Modification usually involves linking the vibrational source to a flat surface or cavity with an acoustic impedance sufficiently different from the medium that successive vibrations overlap and can interfere. This facilitates positive interference and amplification (resonance), and negative interference (filtering) depending on the sound frequencies. High-Q modifiers provide strong amplification of a few select frequencies (normal modes), but have low damping that muddles rapid temporal patterning in the sound. Low-Q modifiers track temporal patterns accurately, but are much less selective for frequency and provide only minimal amplification.
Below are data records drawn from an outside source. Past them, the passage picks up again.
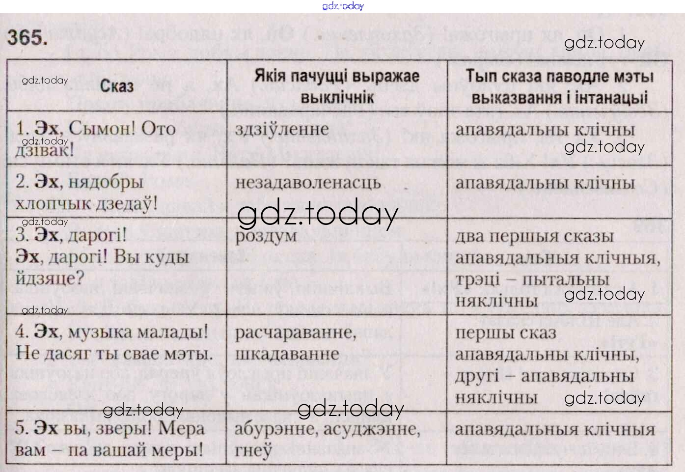 Ответы к Практыкаванні 365 Учебнику по Белорусскому языку для 7 класса Валочка, Язерская Национальный институт образования 2020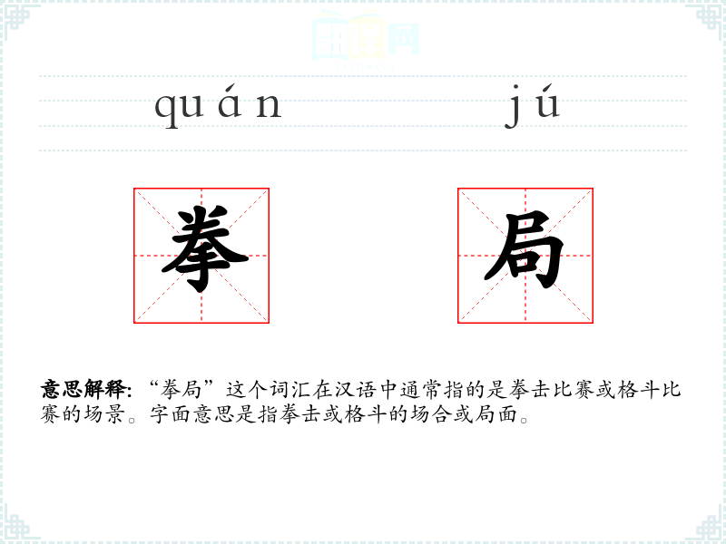 “拳局”这个词汇在汉语中通常指的是拳击比赛或格斗比赛的场景。字面意思是指拳击或格斗的场合或局面。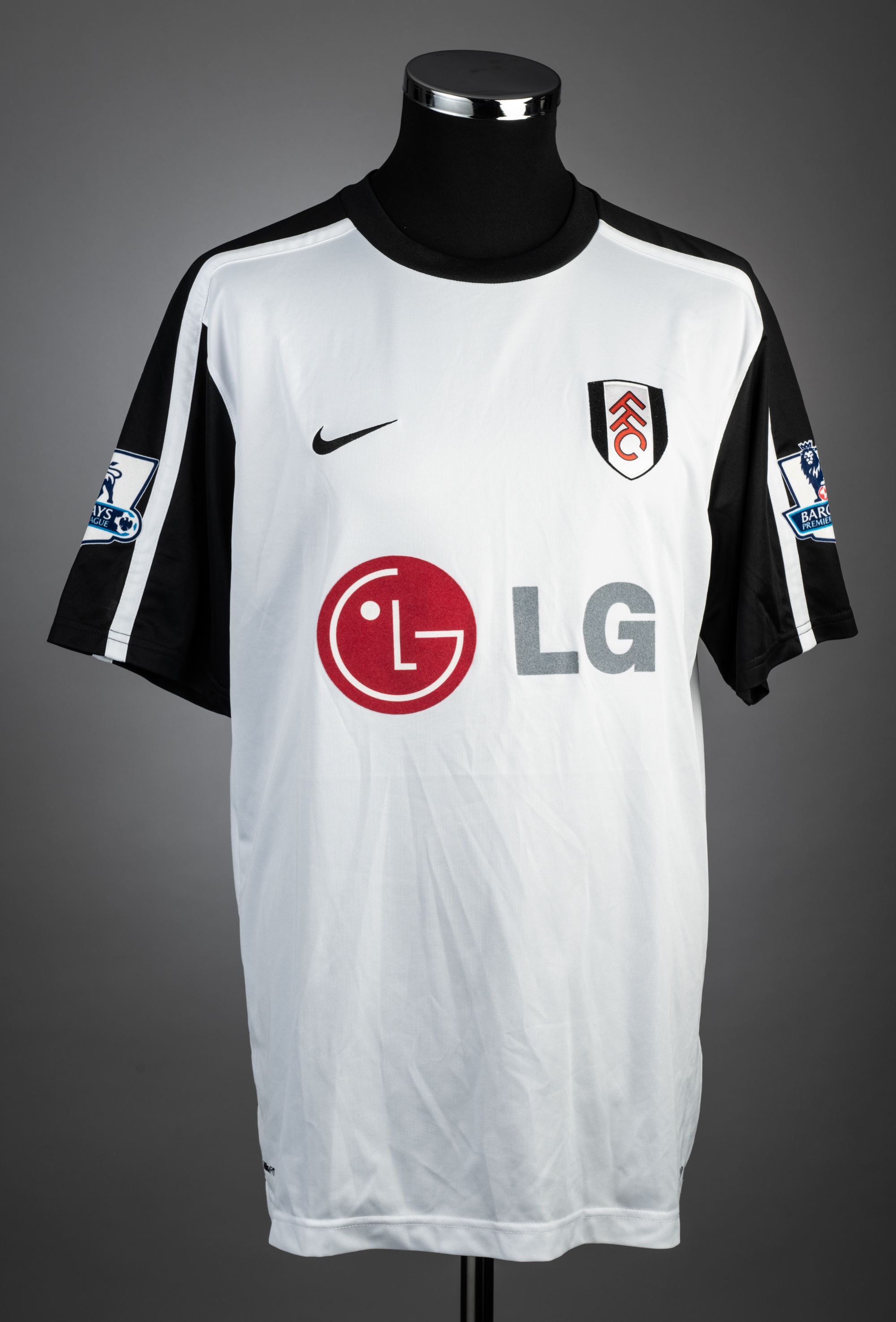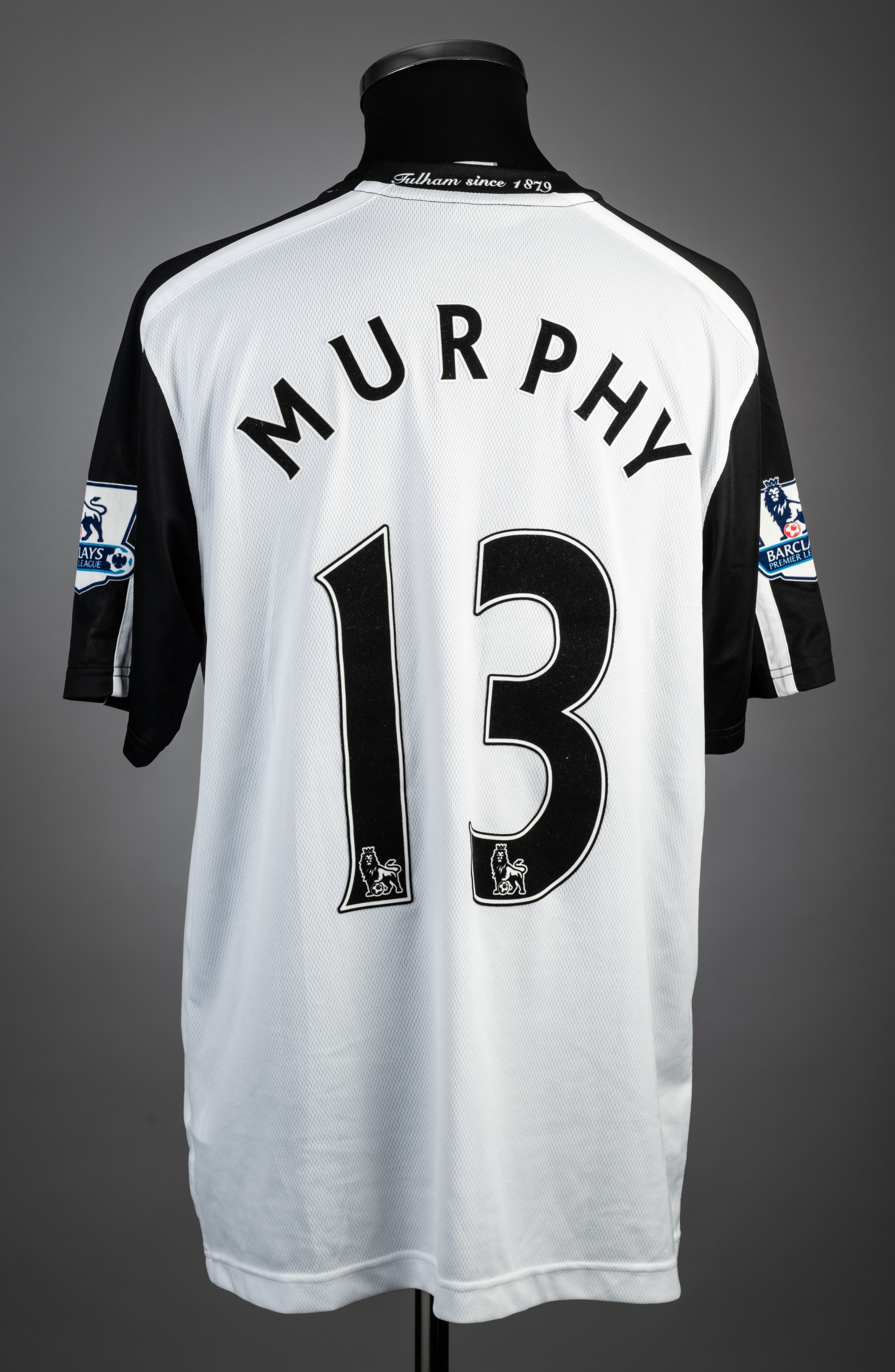 Danny Murphy white Fulham No.13 home jersey season 2009-10, Nike, size L, short-sleeves, Premier League badges, reverse lettered MURPHY; sold with a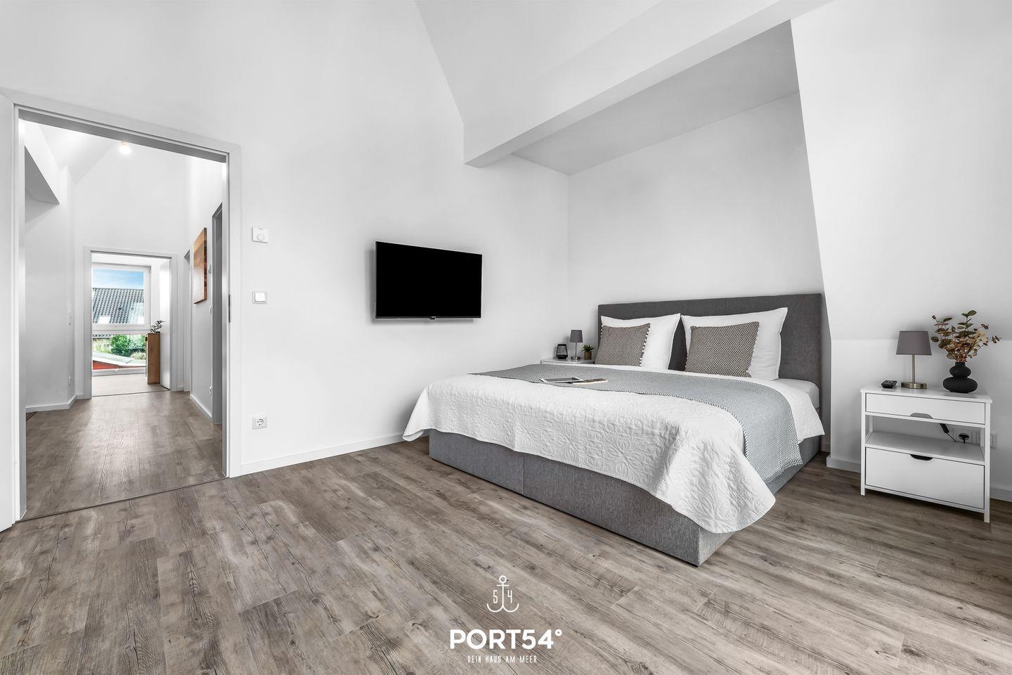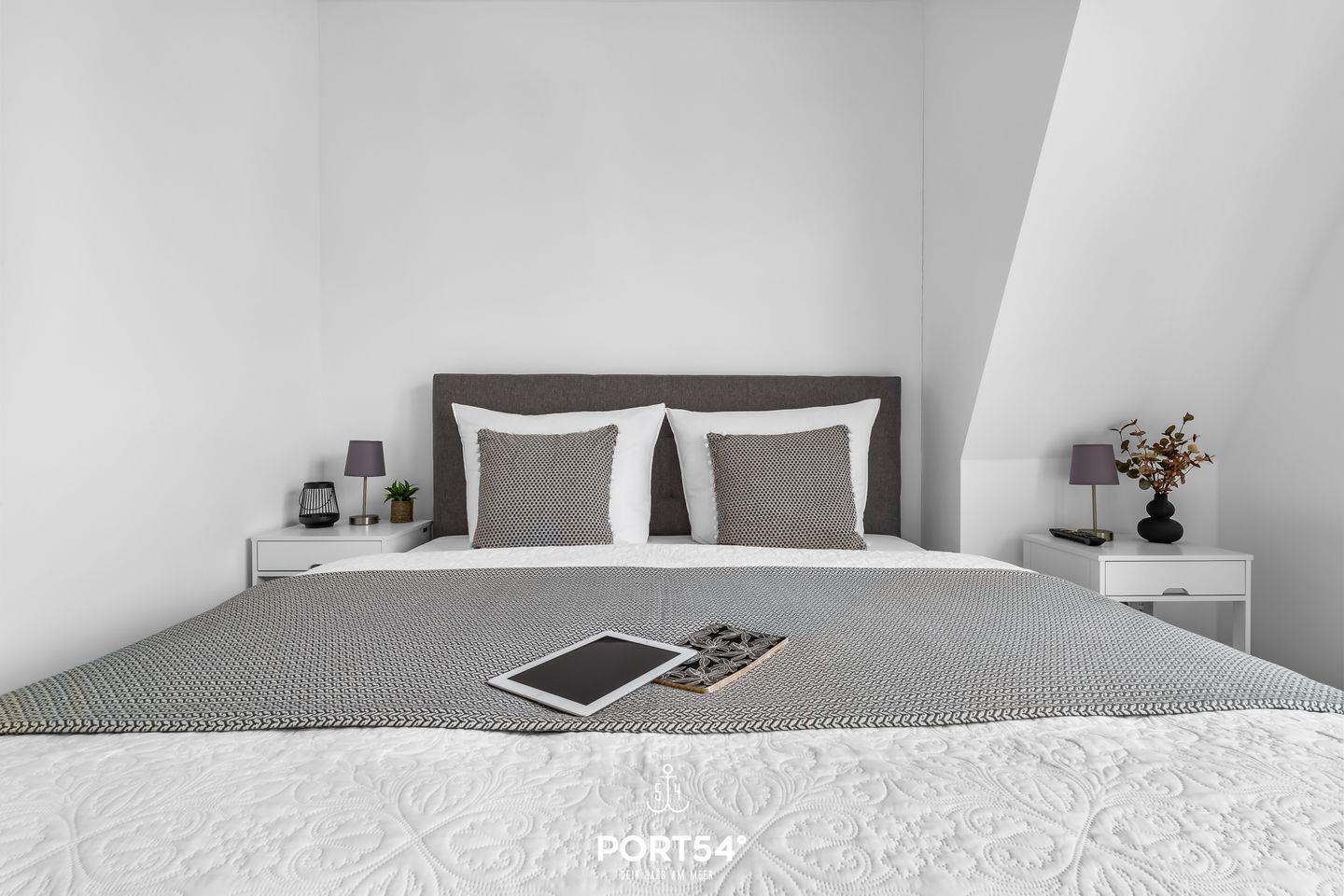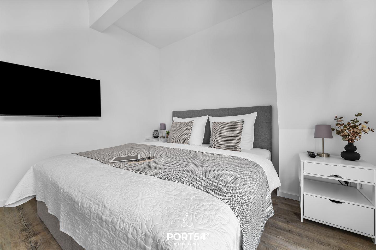 * Eines der Schlafzimmer hat ein großes Doppel-Boxspringbett (180x200 cm – passend für ein Spannbettlaken) für zwei Personen.

Effective coupling of vibrations to the propagating medium depends in part on the size of the radiating surface, and in part on how it moves: monopoles expand and contract in all directions at once, dipoles oscillate along a single axis, and quadrupoles change shape by moving along two axes at the same time. Unlike monopoles, dipoles and quadrupoles produce directional sound fields. All three mechanisms are inefficient when the wavelengths of the radiated sounds are larger than the radiator, and the latter two are even more inefficient due to acoustic short-circuiting. These effects limit small animals communicating over moderate or greater distances to high frequencies. To create sufficiently high frequencies given limits on muscle contraction rates, small animals often resort to frequency multipliers. Examples include stridulation and vocalization mechanisms. Terrestrial animals can also improve radiation efficiency with acoustic horns or inflated sacs, which have acoustic impedances intermediate between that inside their bodies and that of the outside air.
Different species have evolved different compromises between elaborated sound structure and amplitude. Adaptations such as elongated tracheae in cranes and currasows, or cartilaginous vessels in ducks and howler monkeys, allow great amplitude at the cost of severely constraining what kinds of sounds can be produced and radiated. Species such as frogs, tree crickets, and mole crickets excavate or select calling sites that dramatically increase the resonance or radiation efficiency of the sounds they produce. Finally, species such as cardinals and humans actively vary the dimensions of their internal resonant cavities dynamically to amplify different frequency combinations during the production of a given sound.